• Assignment
Reproduce the lines below exactly, from the one containing "这是隆林克长乡猴场村石漠化山" through the one containing "Iowa Hawkeyes Tigerhawk", both included. Leave out any pictures.

Saved entries
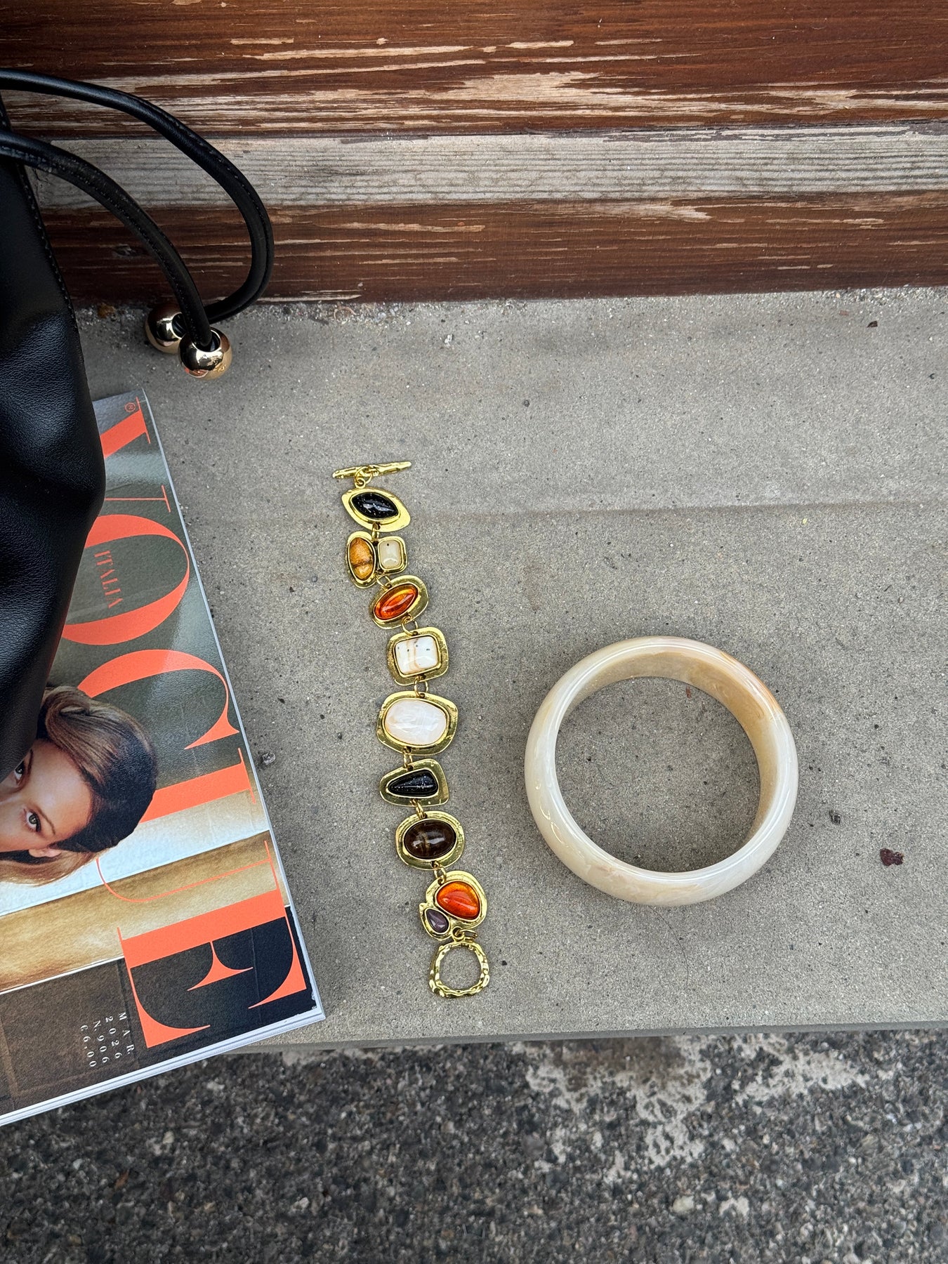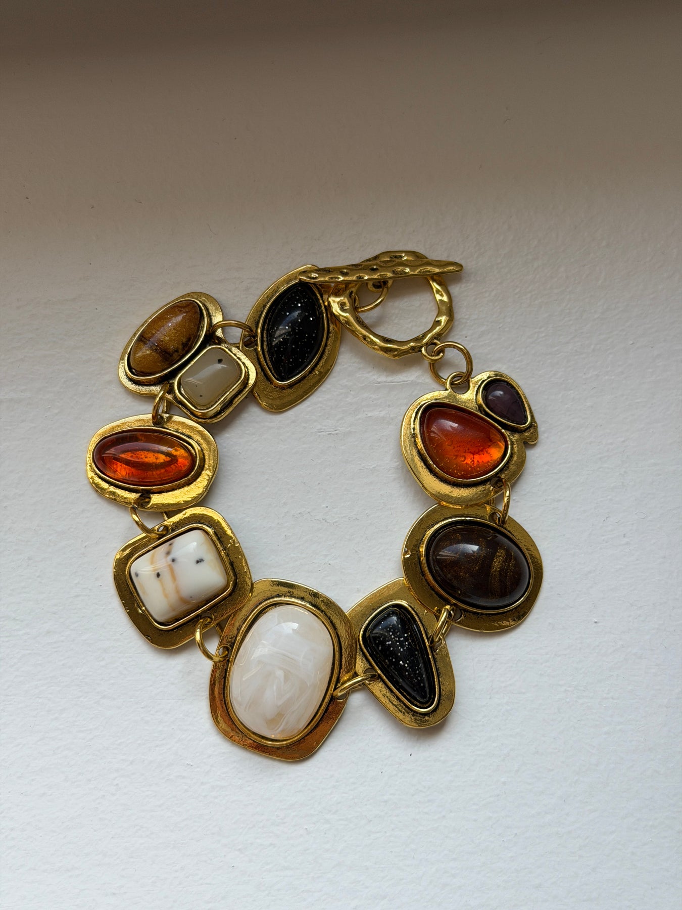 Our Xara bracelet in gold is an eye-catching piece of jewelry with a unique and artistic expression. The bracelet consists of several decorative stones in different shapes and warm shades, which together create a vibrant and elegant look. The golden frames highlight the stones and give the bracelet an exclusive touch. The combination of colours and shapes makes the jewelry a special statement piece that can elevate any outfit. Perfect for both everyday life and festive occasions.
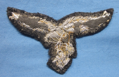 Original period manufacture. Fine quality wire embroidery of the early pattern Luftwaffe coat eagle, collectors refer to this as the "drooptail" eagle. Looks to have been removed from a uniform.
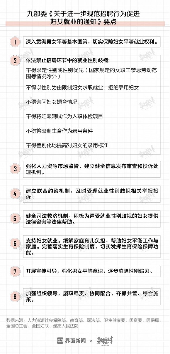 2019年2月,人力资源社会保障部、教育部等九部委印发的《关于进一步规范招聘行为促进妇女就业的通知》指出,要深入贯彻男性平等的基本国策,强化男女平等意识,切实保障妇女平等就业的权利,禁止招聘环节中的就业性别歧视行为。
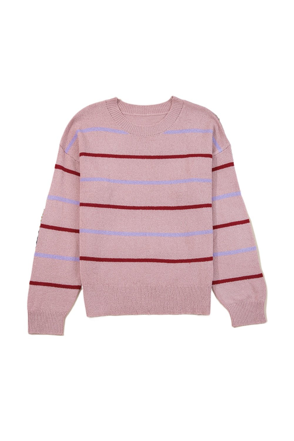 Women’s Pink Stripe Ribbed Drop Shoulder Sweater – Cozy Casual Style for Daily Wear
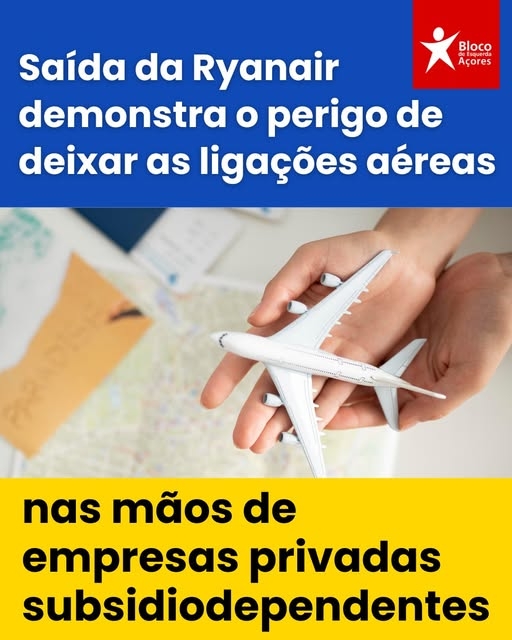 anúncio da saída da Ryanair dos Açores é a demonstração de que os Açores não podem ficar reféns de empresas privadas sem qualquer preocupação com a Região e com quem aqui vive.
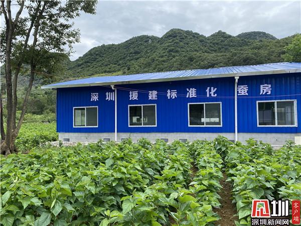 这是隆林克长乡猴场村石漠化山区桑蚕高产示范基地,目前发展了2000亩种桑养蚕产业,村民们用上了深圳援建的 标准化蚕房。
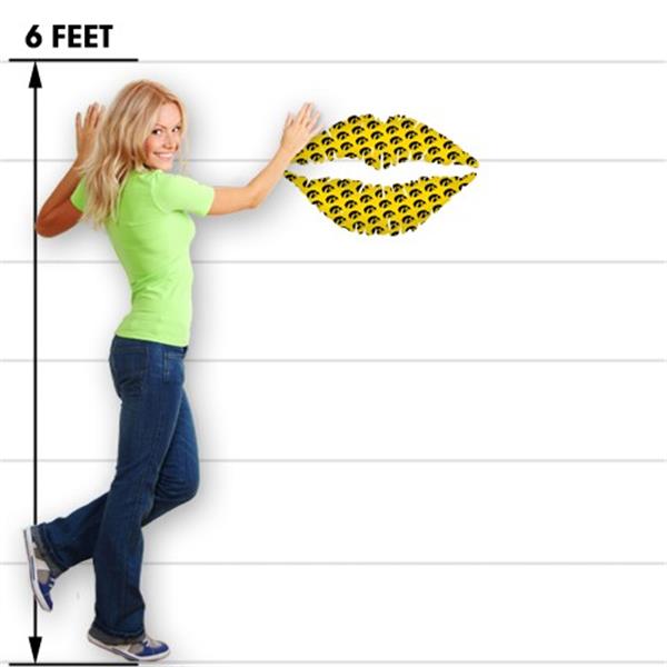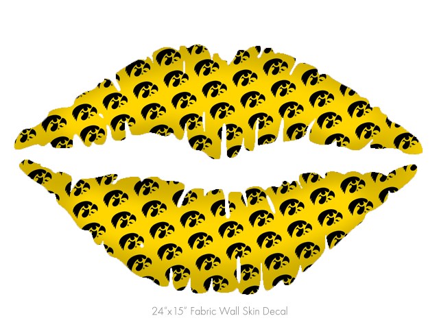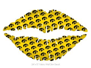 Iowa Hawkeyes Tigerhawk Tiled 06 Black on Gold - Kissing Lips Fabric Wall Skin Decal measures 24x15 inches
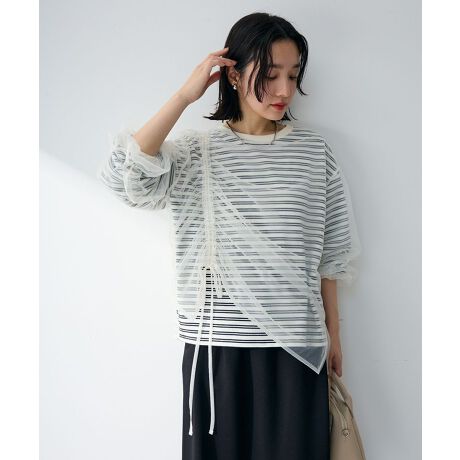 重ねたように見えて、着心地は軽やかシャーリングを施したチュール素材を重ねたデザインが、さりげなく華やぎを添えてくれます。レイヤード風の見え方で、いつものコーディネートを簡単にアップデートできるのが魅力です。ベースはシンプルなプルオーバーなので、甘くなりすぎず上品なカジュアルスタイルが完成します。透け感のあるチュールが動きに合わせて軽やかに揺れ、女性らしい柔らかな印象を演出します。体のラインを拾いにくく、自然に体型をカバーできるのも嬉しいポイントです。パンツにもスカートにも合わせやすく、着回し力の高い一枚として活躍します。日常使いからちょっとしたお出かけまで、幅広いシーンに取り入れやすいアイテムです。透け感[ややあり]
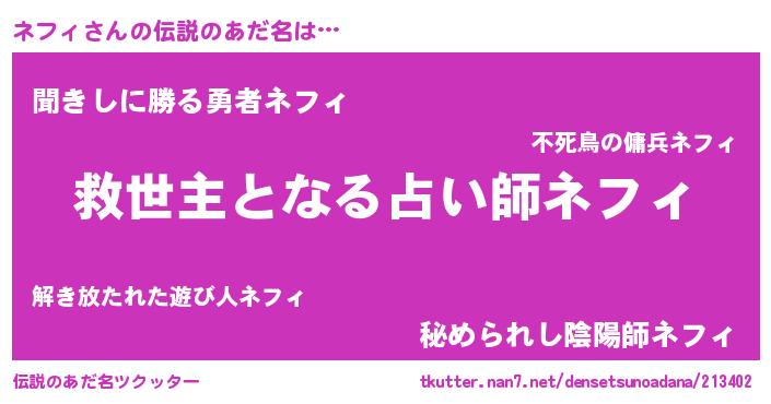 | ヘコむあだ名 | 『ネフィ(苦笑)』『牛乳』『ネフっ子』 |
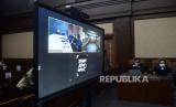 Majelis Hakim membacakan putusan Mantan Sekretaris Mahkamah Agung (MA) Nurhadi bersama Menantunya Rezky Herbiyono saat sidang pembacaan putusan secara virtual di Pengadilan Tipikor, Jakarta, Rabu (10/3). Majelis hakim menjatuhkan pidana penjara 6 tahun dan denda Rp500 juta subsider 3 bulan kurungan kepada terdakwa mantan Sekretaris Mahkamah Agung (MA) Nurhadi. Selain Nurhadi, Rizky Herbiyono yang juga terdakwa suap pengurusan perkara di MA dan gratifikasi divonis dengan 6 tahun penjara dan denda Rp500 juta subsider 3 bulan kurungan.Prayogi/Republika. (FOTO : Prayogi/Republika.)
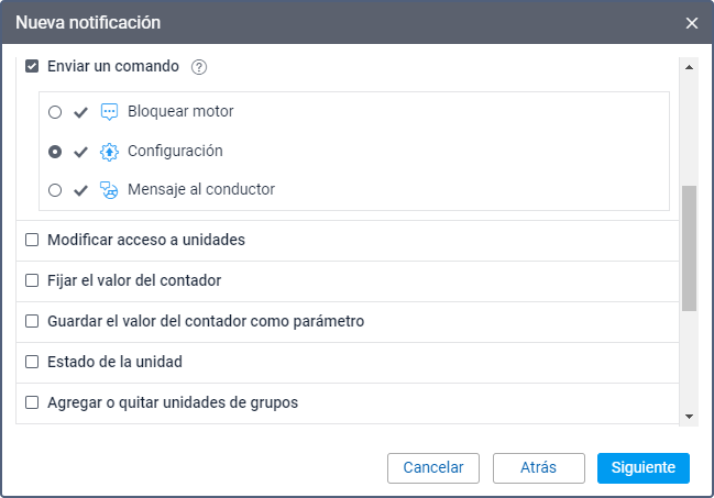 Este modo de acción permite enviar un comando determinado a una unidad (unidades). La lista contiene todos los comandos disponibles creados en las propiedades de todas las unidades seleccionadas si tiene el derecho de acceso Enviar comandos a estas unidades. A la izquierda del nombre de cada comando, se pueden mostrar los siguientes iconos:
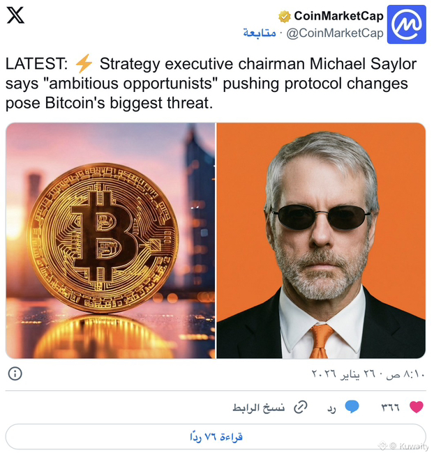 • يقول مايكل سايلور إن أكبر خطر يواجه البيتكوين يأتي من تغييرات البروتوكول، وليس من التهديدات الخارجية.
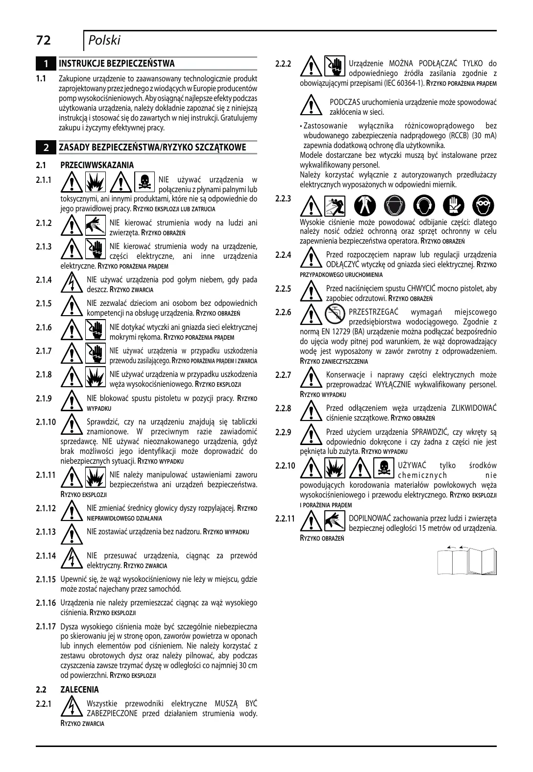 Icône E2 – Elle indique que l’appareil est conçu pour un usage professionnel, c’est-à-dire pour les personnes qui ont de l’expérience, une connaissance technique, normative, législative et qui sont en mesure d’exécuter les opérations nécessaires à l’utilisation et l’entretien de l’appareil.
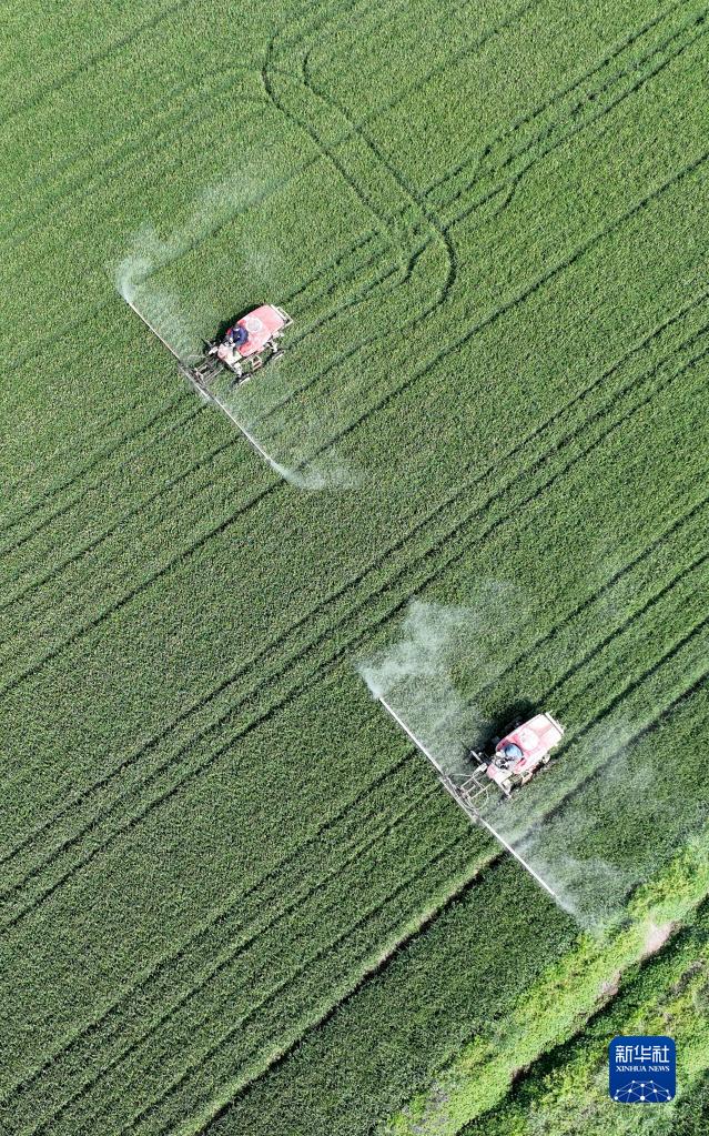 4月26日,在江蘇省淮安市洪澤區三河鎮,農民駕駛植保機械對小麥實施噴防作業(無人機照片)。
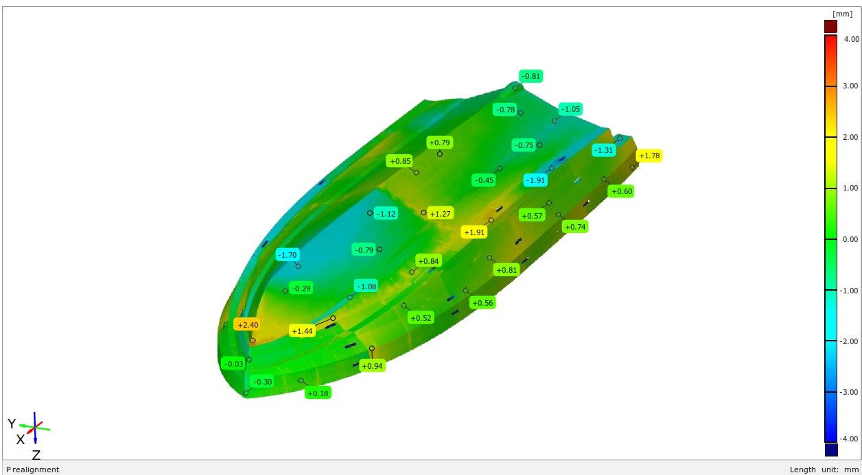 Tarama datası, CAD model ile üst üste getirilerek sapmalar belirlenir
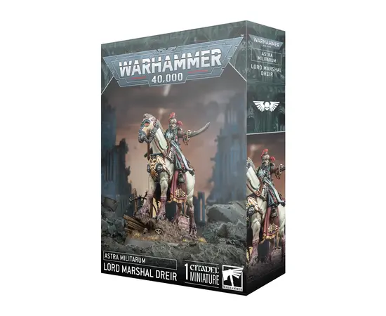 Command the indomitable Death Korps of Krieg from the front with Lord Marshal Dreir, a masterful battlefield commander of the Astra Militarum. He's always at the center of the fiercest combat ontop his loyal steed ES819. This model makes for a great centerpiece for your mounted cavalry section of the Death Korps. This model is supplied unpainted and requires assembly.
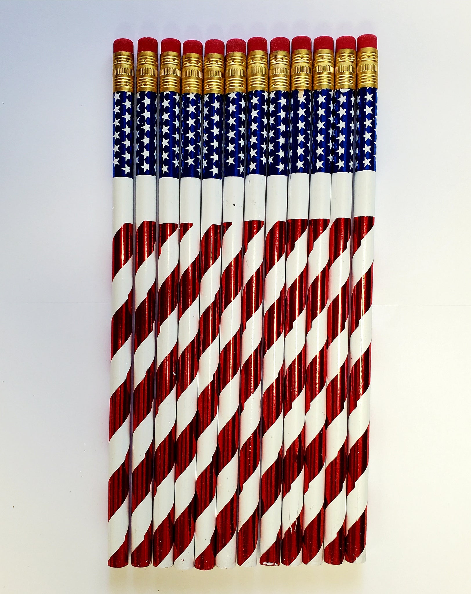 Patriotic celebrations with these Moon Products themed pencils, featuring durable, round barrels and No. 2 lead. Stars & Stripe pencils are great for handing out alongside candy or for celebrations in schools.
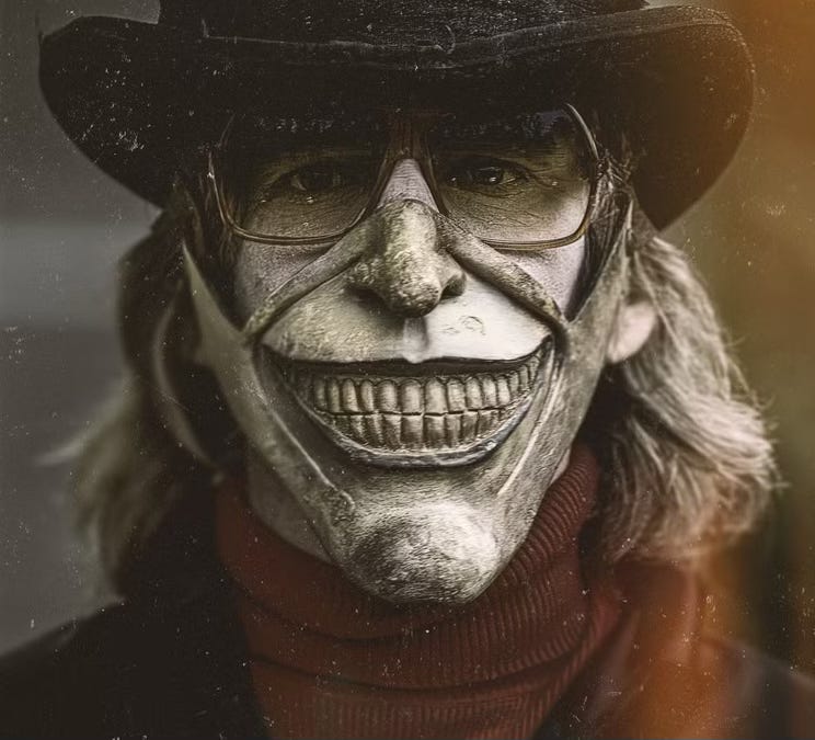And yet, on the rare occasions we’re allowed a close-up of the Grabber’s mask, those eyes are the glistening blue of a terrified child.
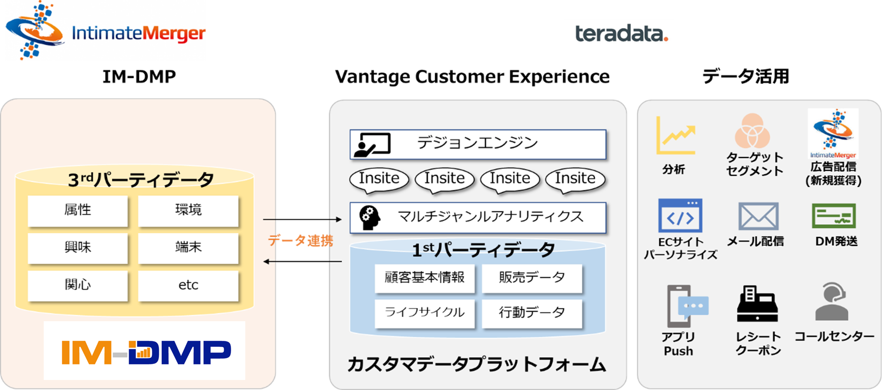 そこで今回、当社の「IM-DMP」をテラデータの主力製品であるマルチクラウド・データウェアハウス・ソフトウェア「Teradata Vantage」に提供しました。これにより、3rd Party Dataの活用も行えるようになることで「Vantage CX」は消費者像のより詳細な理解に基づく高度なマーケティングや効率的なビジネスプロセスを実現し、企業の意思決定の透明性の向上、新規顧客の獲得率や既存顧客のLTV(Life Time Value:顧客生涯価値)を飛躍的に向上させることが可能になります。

• Output
 这是隆林克长乡猴场村石漠化山区桑蚕高产示范基地,目前发展了2000亩种桑养蚕产业,村民们用上了深圳援建的 标准化蚕房。
 Iowa Hawkeyes Tigerhawk Tiled 06 Black on Gold - Kissing Lips Fabric Wall Skin Decal measures 24x15 inches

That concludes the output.